Souvent, une mauvaise appréciation est le reflet ou la conséquence d’un autre problème : dispute avec le chef ou les collègues, désaccord sur un projet ou la manière de le traiter, etc.. En France, l’intersyndicale SUD-CGT (secteur ministères) soulignait « la souffrance que génère ce dispositif parmi les collègues », dans un contexte de travail où « les suicides et les tentatives de suicide des collègues ont aussi démontré, à leur manière, à quel point une organisation pathogène du travail pouvait avoir des effets désastreux »[8].
Notons aussi qu’il n’y pas que les travailleurs qui ont obtenu une appréciation insuffisante qui enclenchent une procédure d’appel. Il semblerait que la majorité des recours concernent des travailleurs qui estiment qu’ils ont été mal jugés : ils ont fait un effort particulier, pendant l’année écoulée, mais ont obtenu une cotation égale à celle de l’année précédente ; ils ont travaillé de la même façon que l’année d’avant, mais ont obtenu une cotation moindre, etc.. Une majorité de travailleurs allant en recours affirme ne pas le faire « pour l’argent », mais pour la juste reconnaissance de leur travail ; certains en font une affaire d’honneur.
Même s’il y a peu de recours (en % du nombre d’évalués), l’accompagnement de ceux-ci prend énormément de temps syndical. Là où, dans le même temps, les directions veulent souvent limiter le temps syndical …
[1] On peut définir le rôle des syndicats en général comme étant de maintenir le travail dans sa réalité, avec ses qualités et ses défauts, par rapport à une culture managériale reposant sur des mythes et la « novlangue ».
[2] Selon le principe qu’il faut agir sur les aspects où on a quelque chose à dire et tenter d’influencer sur les autres.
[3] E.a. au niveau du montant de la prime : de 0 à 489617 BEF, selon le Syndicat libéral, qui n’hésite pas à parler de « Catastrophe nationale » (tract de 7/1988).
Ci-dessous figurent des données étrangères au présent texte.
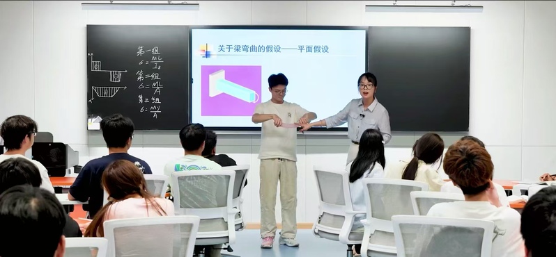 参加教学创新大赛,不仅是一次展示教学成果的机会,更是推动教学改革的重要契机。周老师将备赛过程中形成的创新理念和方法,积极应用到日常教学中,在力学课堂上开展了一系列以赛促教的实践探索,取得了显著成效。教学理念上,周老师实现了从“以教为主”到“以学为主”的转变。她更加注重学生的主体地位,将教学的重点从知识传授转向学生能力培养和素养提升。通过创设真实的问题情境,激发学生的好奇心和求知欲,引导学生主动思考、积极探索,培养学生发现问题、分析问题和解决问题的能力。教学方法上,她根据不同的教学内容和学生特点,灵活运用多种教学方法。以赛促教的实践使力学课堂焕然一新,学生学习积极性大幅提升,课堂氛围活跃。
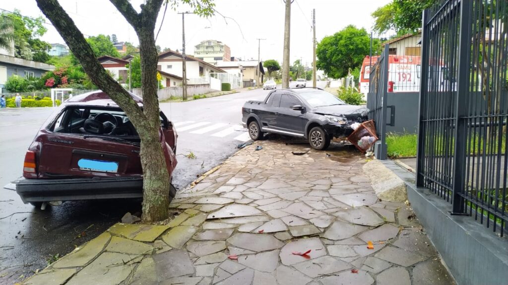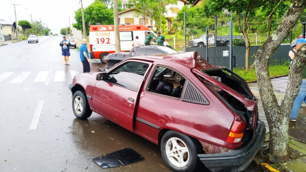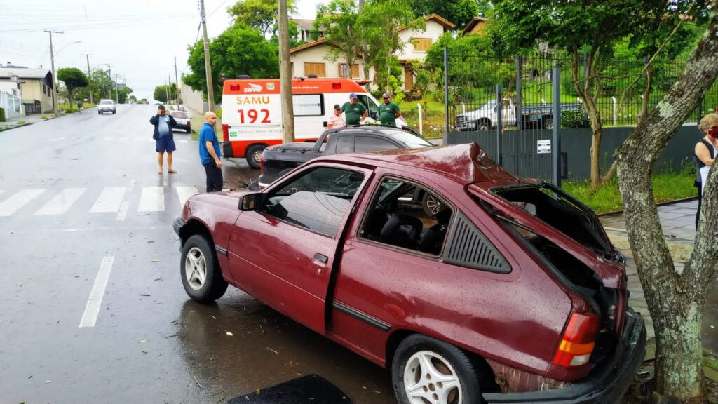 Segundo populares que estavam no local na hora do acidente, o condutor do Kadett seguia pela rua da Paz, quando o condutor da Saveiro, que seguia pela rua Professora Maria Dal Conte, acabou colidindo contra o veículo.

La CNE titre « Le rêve de la banque … le cauchemar des employés et des cadres moyens » (tract de 3/1988).
[4] À une époque où on met en avant la privatisation de pans entiers des secteurs publics, la commercialisation de tout, l’envahissement de l’espace public par la publicité qui envahit également les radios et télévisions mêmes publiques …
[5] Précisons que les syndicats de la Générale de Banque avaient refusé de donner un avis, à l’issue de la série de commissions techniques et Conseils d’entreprise où a été présenté et discuté le « nouveau système d’appréciation (mai-septembre 1986). Au début des années 2000, « l’argument principal pour refuser le système d’appréciation est le fait qu’il maintient un lien entre appréciation et rémunération » (tract SETCa-CGSP Fortis Banque, 2/2002).
[6] Direct, publication SETCa/BBTK Fortis Banque à Bruxelles et aux Entités centrales, été 2007 – Article intitulé « Nouveau système d’appréciation » et commençant par : « Une fois de plus, la direction veut modifier le système d’appréciation ».
[7] Idem.
[8] Tract intersyndical SUD-CGT, secteur ministères, « Cette année encore, boycottons les entretiens d’évaluation professionnelle ! », 2013.